# [WHAT TO WORK ON]
Only the lines from the beginning of the listing below through the line with "- Dormitorio principal" belong in the answer; please print them exactly and drop the pictures.

# [SUPPLIED DATA]
====

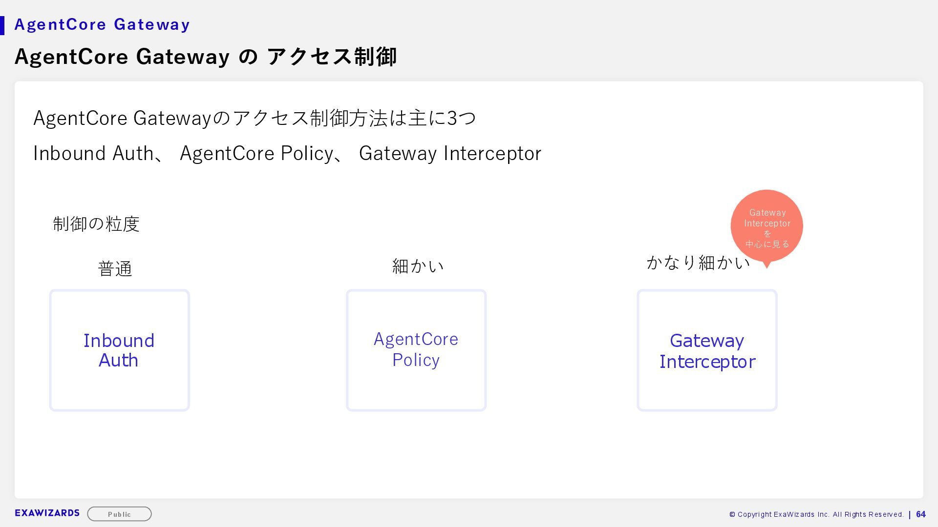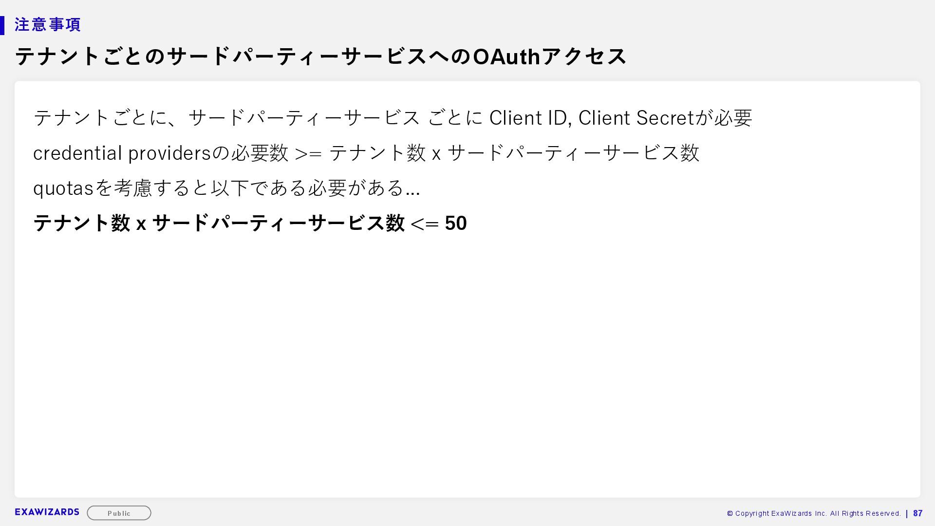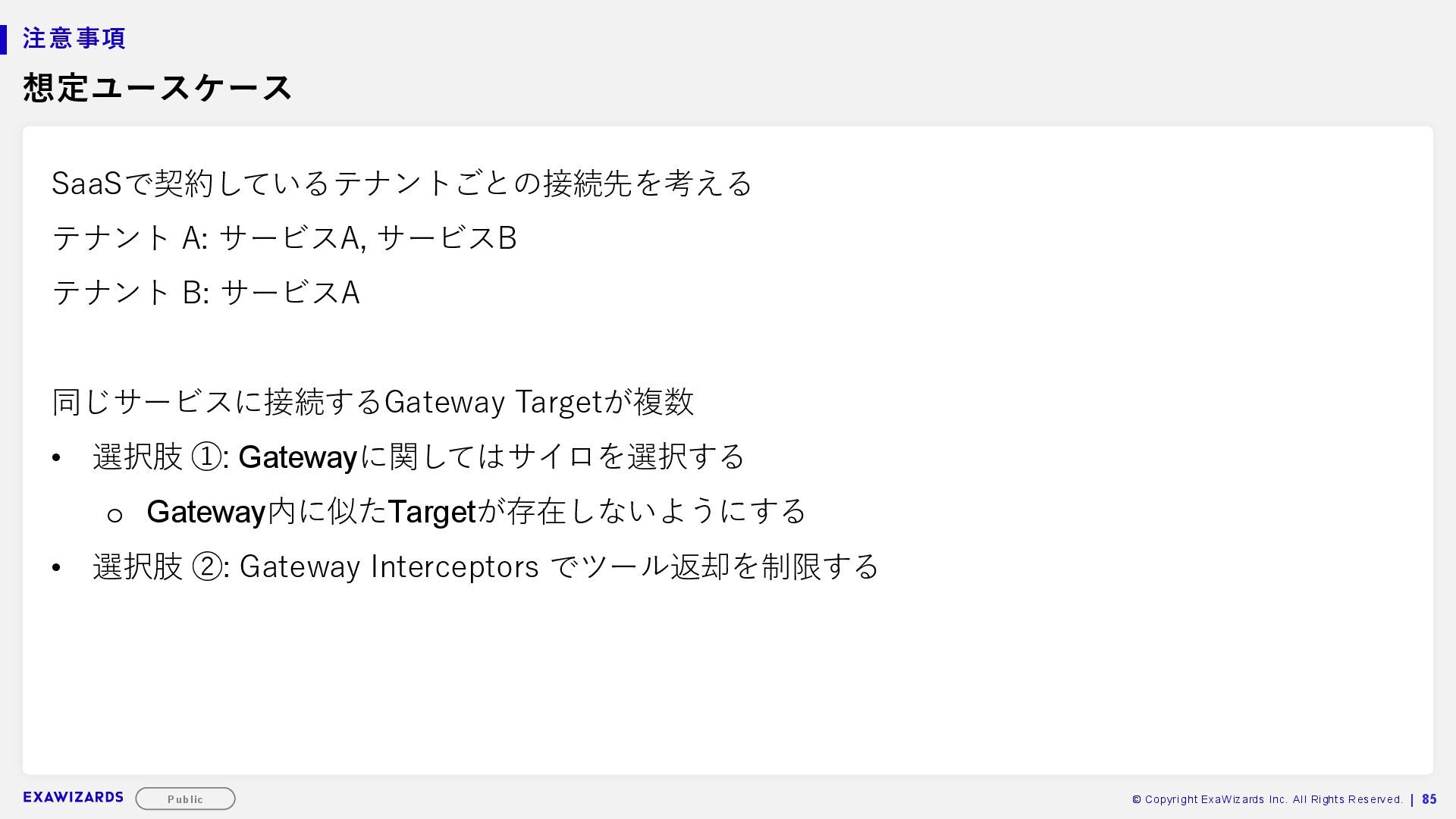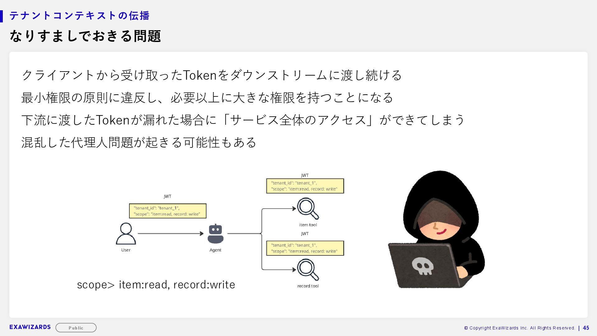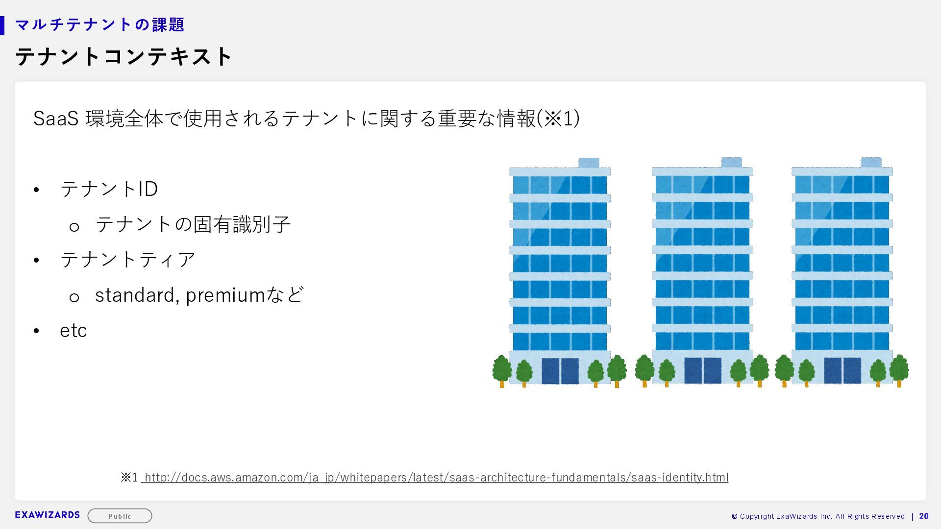 s R es erv ed. AgentCore Memory Memoryのテナント分離 - STS assumeRole Pub lic STSでassumeRoleを実行し、一時クレデンシャルを作成する def assume_tenant_role(tenant_id: str, user_id: str) -> Dict[str, str]: sts = boto3.client("sts", region_name=AWS_REGION) resp = sts.assume_role( RoleArn=TENANT_ROLE_ARN, RoleSessionName="session_name", DurationSeconds=900, Tags=[{"Key": "actorId", "Value": f"{tenant_id}:{user_id}"], ) creds = resp["Credentials"] return { "access_key": creds["AccessKeyId"], "secret_key": creds["SecretAccessKey"], "session_token": creds["SessionToken"], }
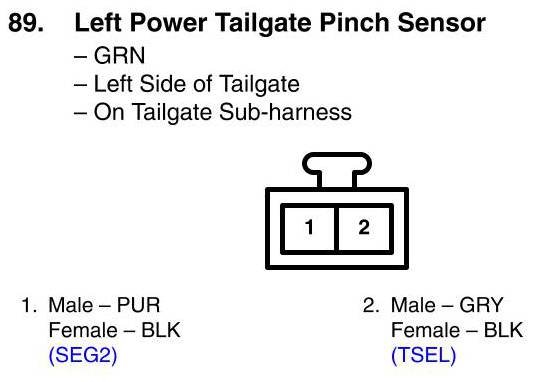 Left Power Tailgate Pinch Sensor Connector View
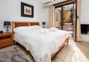 - Dormitorio principal 150x200, baño privado con aire acondicionado, TV, cama doble grande y acceso al patio.
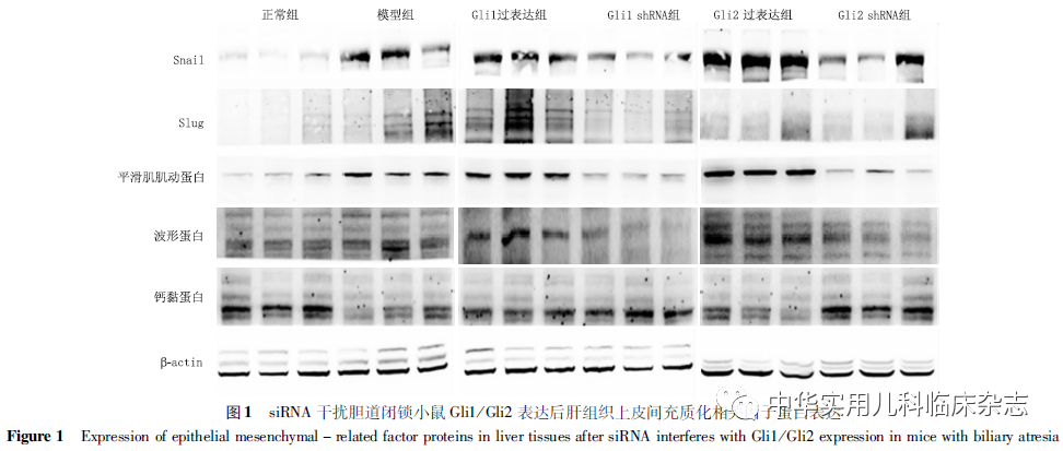 结果2.1 Shh信号通路对胆道闭锁小鼠EMT转录因子及其特征细胞因子表达的调控2.1.1 EMT转录因子Snail/Slug及其特征细胞因子E-cadherin、Vimentin、α-SMA的mRNA表达 Gli2过表达组、Gli2 shRNA组及模型组Snail、Slug、Vimentin、α-SMA、E-cadherin的mRNA相对表达量分别为 15.13±3.40、5.48±0.46、8.78±1.06、12.40±2.18 和3.06±0.53;3.73±1.16、5.62±1.75、3.56±1.06、3.88±1.16和10.51±1.83;8.13±1.27、5.32±0.98、5.05±0.98、4.02±0.77和5.12±1.60。与模型组相比,Gli2过表达组Snail、Vimentin、α-SMA的mRNA表达明显升高,E-cadherin的mRNA表达明显降低,差异均有统计学意义(t=4.53、5.29、8.12、-2.13,均P<0.05);与模型组相比,Gli2 shRNA组Snail、Vimentin的mRNA表达明显降低,E-cadherin的mRNA表达明显升高,差异均有统计学意义(t=-2.86、-2.12、5.62,均P<0.05);Gli1过表达组及Gli1 shRNA组未见明确Snail/Slug及EMT相关因子表达变化趋势。2.1.2 EMT转录因子Snail/Slug及其特征细胞因子E-cadherin、Vimentin、α-SMA的蛋白表达 Gli2过表达组、Gli2 shRNA组及模型组Snail、Slug、Vimentin、α-SMA、E-cadherin 蛋白灰度比值分别为2.02±0.39、0.31±0.08、0.95±0.17、1.07±0.17和0.42±0.06;0.53±0.13、0.40±0.18、0.20±0.04、0.28±0.07和1.09±0.31;0.70±0.15、0.42±0.22、0.64±0.13、0.81±0.11和0.42±0.09。与模型组相比,Gli2过表达组Snail、Vimentin、α-SMA表达明显升高,差异均有统计学意义(t=12.71、4.28、3.70,均P<0.05);与模型组相比,Gli2 shRNA组Vimentin、α-SMA表达明显降低,E-cadherin 表达明显升高,差异均有统计学意义(t=-6.14、-7.57、5.96,均P<0.05)(图1)。

====

# [REPLY TO THE EXERCISE]
 s R es erv ed. AgentCore Memory Memoryのテナント分離 - STS assumeRole Pub lic STSでassumeRoleを実行し、一時クレデンシャルを作成する def assume_tenant_role(tenant_id: str, user_id: str) -> Dict[str, str]: sts = boto3.client("sts", region_name=AWS_REGION) resp = sts.assume_role( RoleArn=TENANT_ROLE_ARN, RoleSessionName="session_name", DurationSeconds=900, Tags=[{"Key": "actorId", "Value": f"{tenant_id}:{user_id}"], ) creds = resp["Credentials"] return { "access_key": creds["AccessKeyId"], "secret_key": creds["SecretAccessKey"], "session_token": creds["SessionToken"], }
 Left Power Tailgate Pinch Sensor Connector View
 - Dormitorio principal 150x200, baño privado con aire acondicionado, TV, cama doble grande y acceso al patio.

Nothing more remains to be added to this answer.